Data shown -
+ + + + +

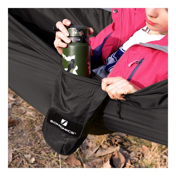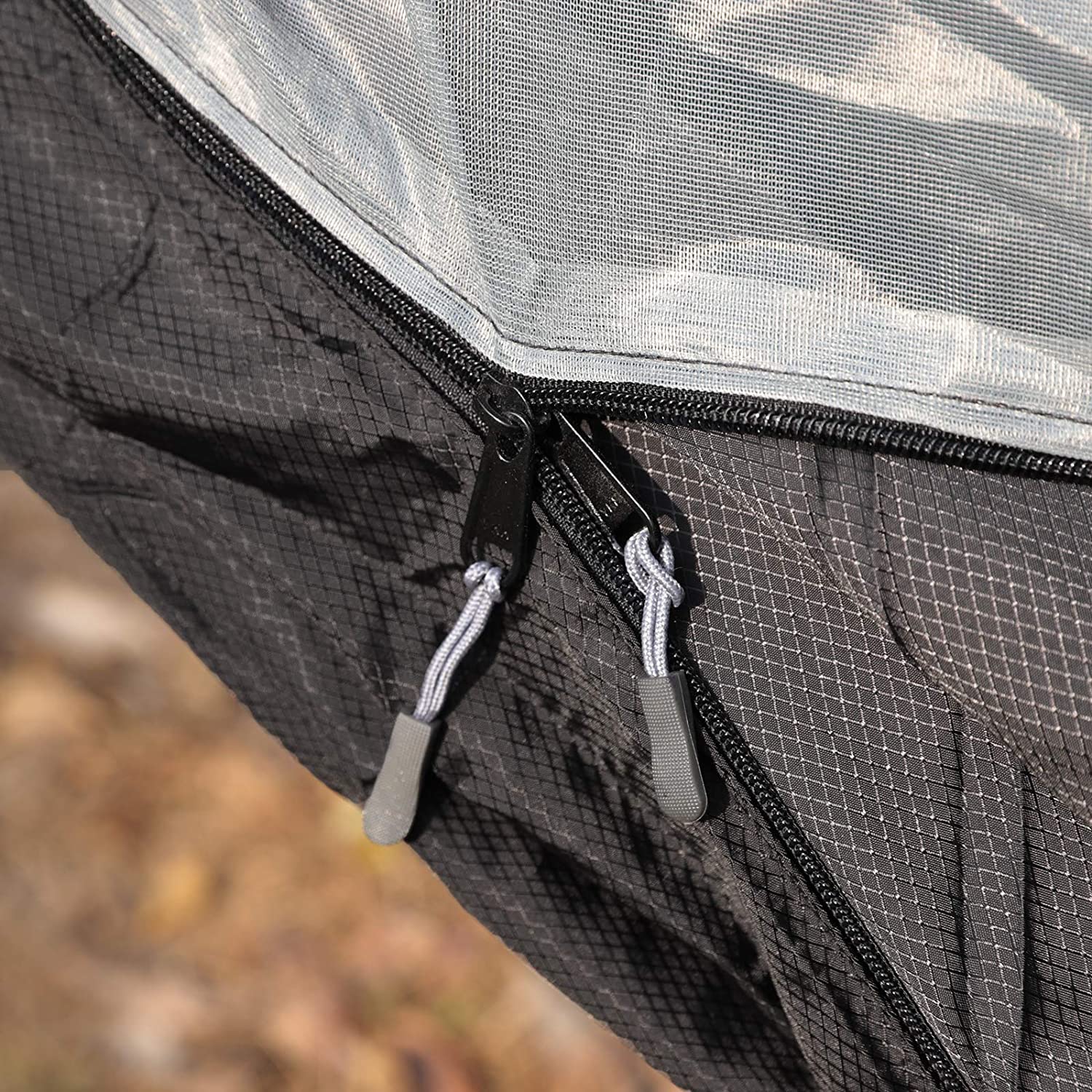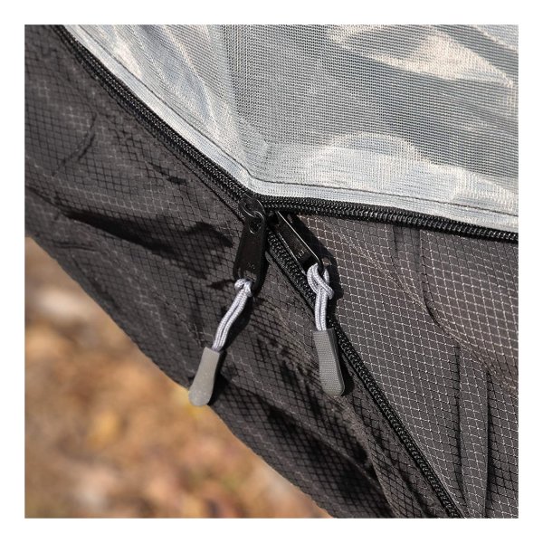 De hoogwaardige ritssluiting maakt het mogelijk om gemakkelijk in de hangmat aan en uit te stappen; bovendien glijden de ritsen soepel.
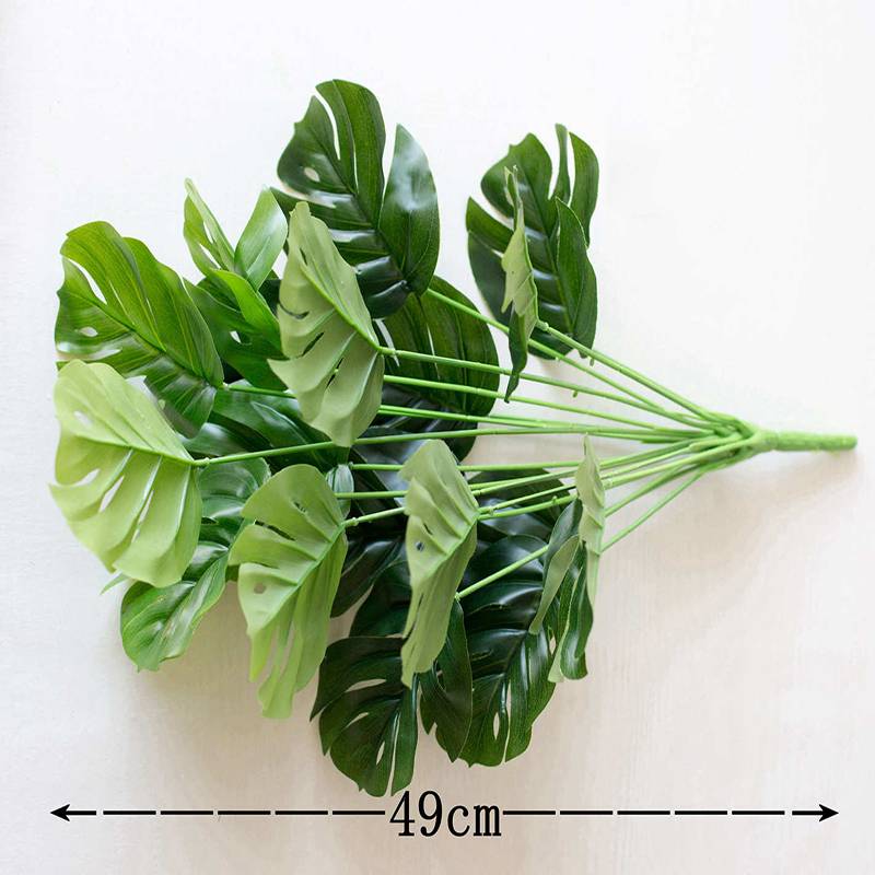 1 букет/18 листьев, искусственные растения, Зеленые пальмовые листья, монстера, украшение для дома, сада, балкона, Тропическое пластиковое искусственное растение
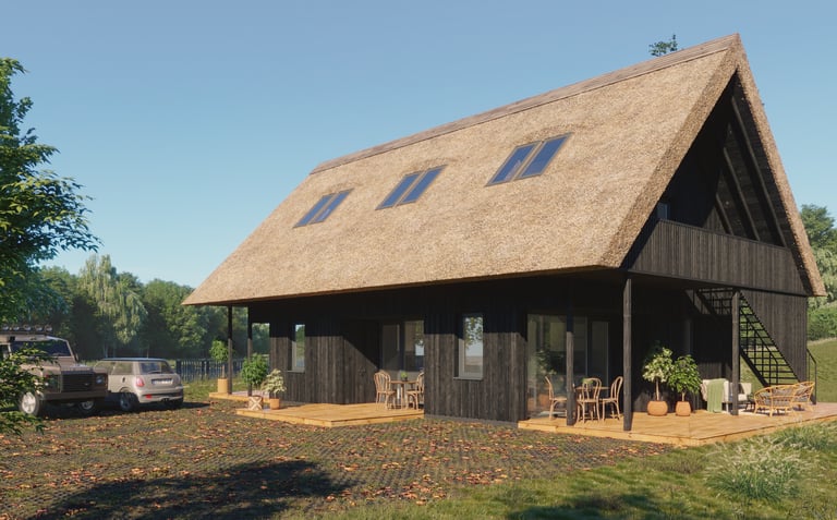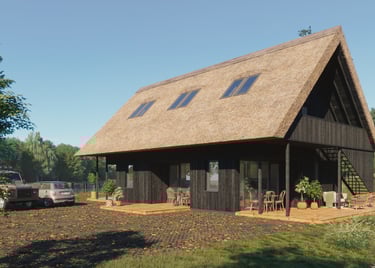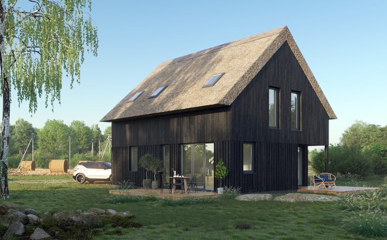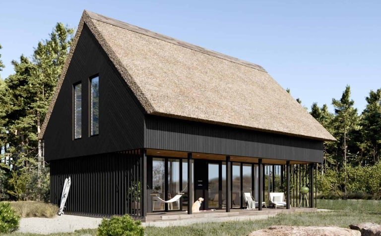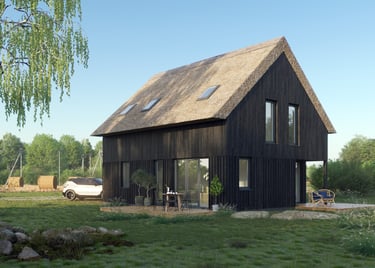 „Juodasis strazdas“ - Šeimos atostogų namas, jame suprojektuota erdvi svetainė ir virtuvė, šalia – uždaras šeimininkų miegamasis, patogus sanmazgas bei erdvi antresolė su dviem lovomis vaikams. „Juodojo Strazdo“ plotas- 41 kv.m.

+ + + + +

Aim of the task - Please repeat the listing above word for word, with the pictures removed.

Response below -
 De hoogwaardige ritssluiting maakt het mogelijk om gemakkelijk in de hangmat aan en uit te stappen; bovendien glijden de ritsen soepel.
 1 букет/18 листьев, искусственные растения, Зеленые пальмовые листья, монстера, украшение для дома, сада, балкона, Тропическое пластиковое искусственное растение
 „Juodasis strazdas“ - Šeimos atostogų namas, jame suprojektuota erdvi svetainė ir virtuvė, šalia – uždaras šeimininkų miegamasis, patogus sanmazgas bei erdvi antresolė su dviem lovomis vaikams. „Juodojo Strazdo“ plotas- 41 kv.m.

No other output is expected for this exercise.